By Ben Geman - 07/06/11 08:20 PM EDT
Obama touted increased fuel economy standards and other steps the administration has taken using its existing authorities.
But the White House is also seeking Capitol Hill action on several measures, even though a major energy bill faces tough odds in a divided Congress.
Administration energy goals include $7,500 rebates for purchasing electric vehicles. More broadly, a top White House energy adviser recently suggested that legislation aimed at spurring deployment of electric cars could form the basis for a bipartisan energy compromise.
“I’d like to see robust legislation in Congress that actually took some steps to reduce oil dependency,” Obama said, although he did not provide specifics.

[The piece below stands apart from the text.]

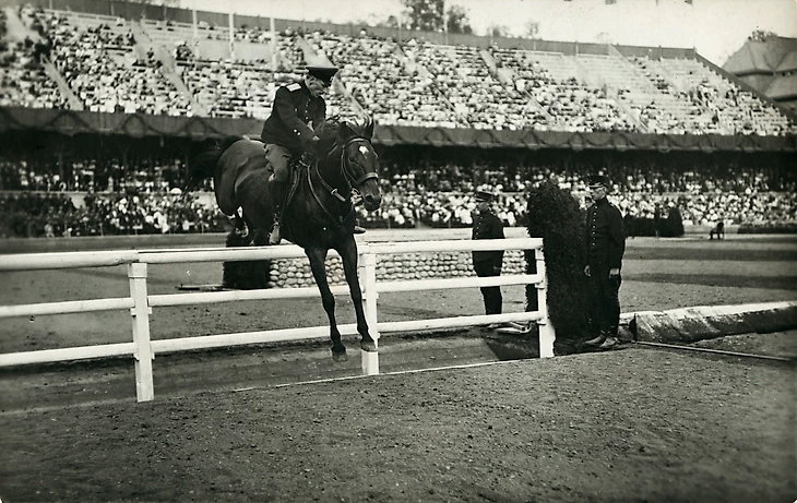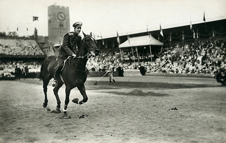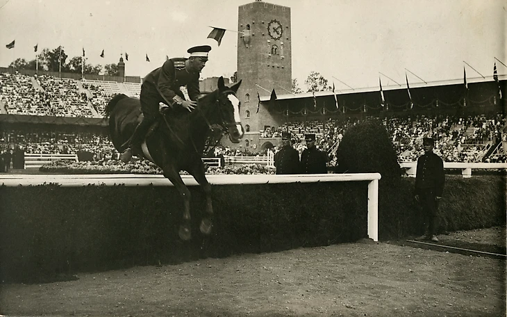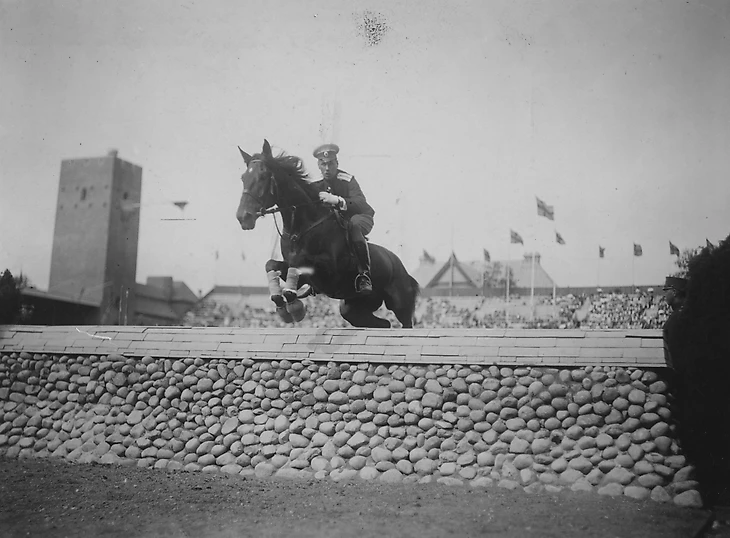 Июль 1912 года. Стокгольм. Олимпийский стадион. Капитан Александр Родзянко и Эрос. Он тоже соревновался в индивидуальном конкуре и в командном конкуре

He said oil will remain a major energy source for some time even with a “full throttle” push for clean energy, but added that reducing reliance will have major benefits.
“If we had a goal, or we are just reducing our dependence on oil each year in a staggered set of steps, it would save consumers in their pocketbook, it would make our businesses more efficient and less subject to the whims of the spot oil market, it would make us less vulnerable to the kinds of disruptions that have occurred because of what happened in the Middle East this spring, and it would drastically cut down on our carbon resources,” Obama said.
The White House is also pushing for expanded green energy R&D funding, and a “clean energy standard” that would mandate a major increase in low-carbon power supplies from utilities (a measure that faces especially steep hurdles).